Githunguri MP Gathoni Wamuchomba has issued a fresh warning over planned changes to the Tea Act, arguing that new levies under consideration could strain farmers and weaken one of Kenya’s most important export sectors.
In a statement shared on X, the lawmaker said the proposed Tea Amendment Bill risks placing an additional financial load on growers already grappling with numerous deductions.
Wamuchomba stated that the tea industry, which is a key driver of foreign exchange inflows, cannot sustain further taxation without undermining national economic goals.
She said Kenyan tea currently faces 42 separate taxes and charges, a situation she believes has limited farmers’ earnings and discouraged long-term investment in the crop.
The MP’s remarks come as Parliament prepares to revisit the Tea Amendment Bill, a process expected to attract considerable debate given the sector’s central role in rural economies.
Tea remains a major employer in counties such as Kericho, Bomet, Kiambu, and Murang’a, where smallholder farmers rely heavily on stable global prices and predictable regulatory frameworks.

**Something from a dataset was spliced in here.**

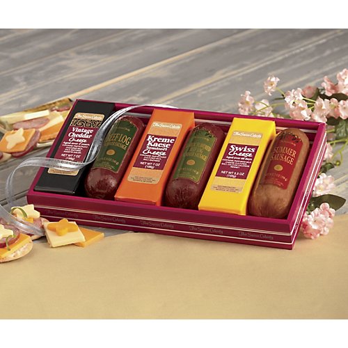 - Gift of 4—Vintage Cheddar and Kreme Kaese Cheeses, BEEF LOG and Summer Sausages. 1 1/2-lbs. net wt.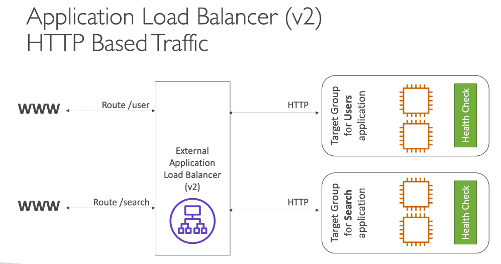 - ALB: HTTP/HTTPS 요청을 여러 Target Group으로 보낼 수 있음 (가중치 기반 분배 가능)

According to Wamuchomba, the introduction of new levies reflects deeper governance challenges within the legislative process.
She claimed that Parliament has increasingly aligned with executive interests, reducing space for critical scrutiny of policies affecting producers.
Her comments mirror long-standing concerns within the agricultural sector about the consistency and predictability of national regulations.
Kenya’s tea industry has historically been viewed as a stabilizing force in the country’s export basket, particularly during periods of fluctuating global commodity prices.
However, farmer associations have frequently argued that rising operational costs and multiple statutory deductions continue to erode profitability at the smallholder level.